Starflyer 59 make shoe-tapping, dreamy, anxious, melancholy, playful, quirky, wistful pop/rock, and if that sounds like a peculiar combination, now you’re getting the picture.
Leave Here a Stranger opens with the reflective “All My Friends Who Play Guitar” and follows it with the acerbic “Can You Play Drums?”. By the time the cheerful (please note: irony) “When I Learn to Sing” floats in, you will notice that the first three songs all have to do with playing and singing. Good catch. This is an album played and sung about playing and singing. Songwriters writing about writing is often a very bad sign that they have nothing to say (cough, Martin Gore, cough). But Starflyer 59 manage to get away with it on this album partly because the lyrics are so minimalist, but mostly because of the powerful simplicity of the music. For me the two brightest spaces on the album are filled by the theatrical “Things Like This Help Me” and “Night Music” which is about failure (do I detect a theme?) yet is one of the most successful at showcasing the band. Here’s something bizarre. Though guitar is the chief instrument for Starflyer 59’s songs, I realized in reading the press release and checking the CD booklet that neither credits a guitarist, merely a singer/songwriter (Jason Martin), bass player (Jeff Cloud), drummer (Joey Esquibel) and keyboard player (Josh Dulli). An unofficial fan site lists Martin as also being the guitarist, though. So unless I hear back on the query sent to the band’s official email before I send this review, I’m going to assume that Martin is in fact the guitarist here. Whoever he/she/it is, they’re pretty smooth.

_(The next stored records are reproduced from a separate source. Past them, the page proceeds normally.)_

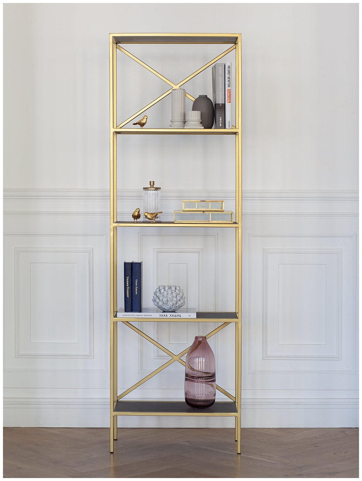 Золотой стеллаж KARIN с полками из керамогранита привлекает внимание элегантным дизайном и функциональностью. Утонченное сочетание золотого каркаса и каменных полок позволит разместить стеллаж в современном интерьере.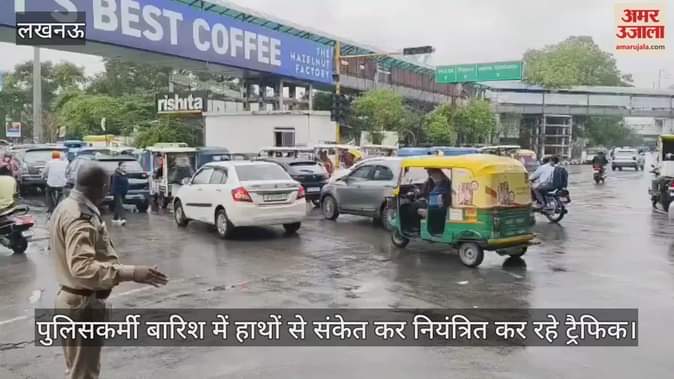 VIDEO: बंद पड़ी ट्रैफिक लाइट... पुलिसकर्मी बारिश में हाथों से संकेत कर नियंत्रित कर रहे ट्रैफिक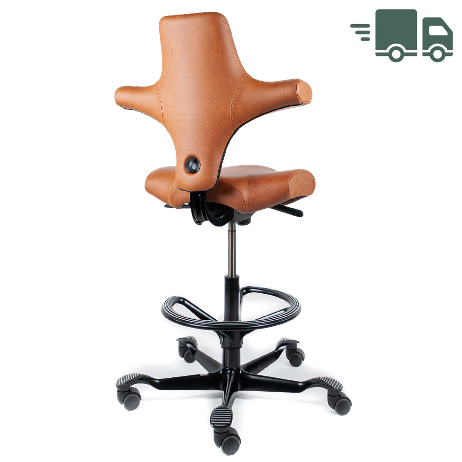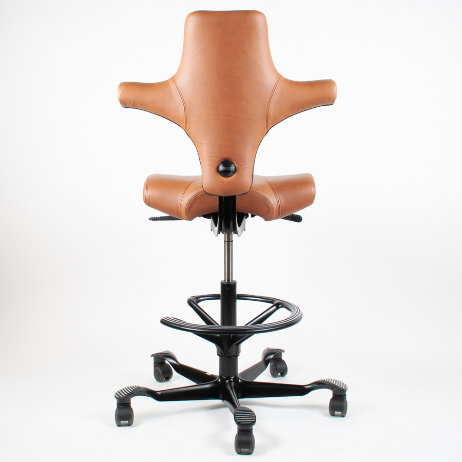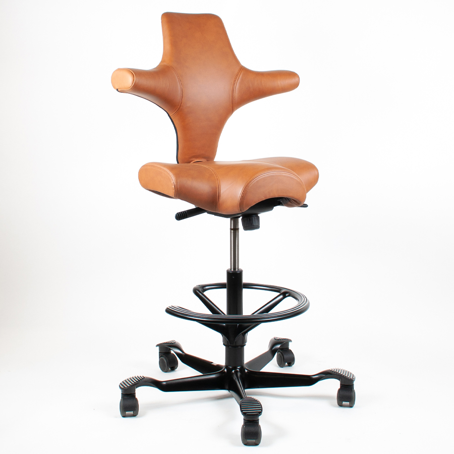 - Sattelform: Der Sitz des Capiscos ermöglicht eine Vielzahl von Sitzpositionen: Nach vorne, seitlich und rückwärts. Dies fördert Bewegung und Flexibilität am Arbeitsplatz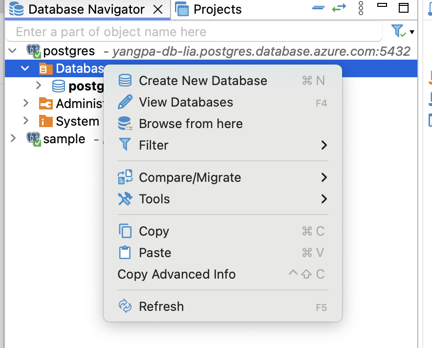 3. 정상적으로 연결된 데이터베이스에, 우클릭을 해서 Create new database 을 클릭한다.

The album, the band’s sixth according to the marvelously pretentious press release (It begins with a two paragraph recounting of the Archimedes legend, I am not making this stuff up) was recorded in mono, “in loving honor of The Beach Boys’ Pet Sounds.” The experiment/homage succeeds, with only the final track, “Your Company”, coming off as too cluttered for the non-stereo picture. Of the other tracks, the backwards-vocal, drum and keyboard instrumental “Moves On,” which is itself a coda to the song before it, is notable.
This is not, perhaps, the most unusual album I’ve ever heard but there’s something special in its lack of specialness. It doesn’t sparkle, it doesn’t shine, but it sure would have sounded good coming out of the radio 10, 15 years ago. And I think Martin knows it. Another thing this album seems to be about is a feeling that time has passed you by. Funny thing is, not only bands can relate to that, which makes this album not irrelevant after all.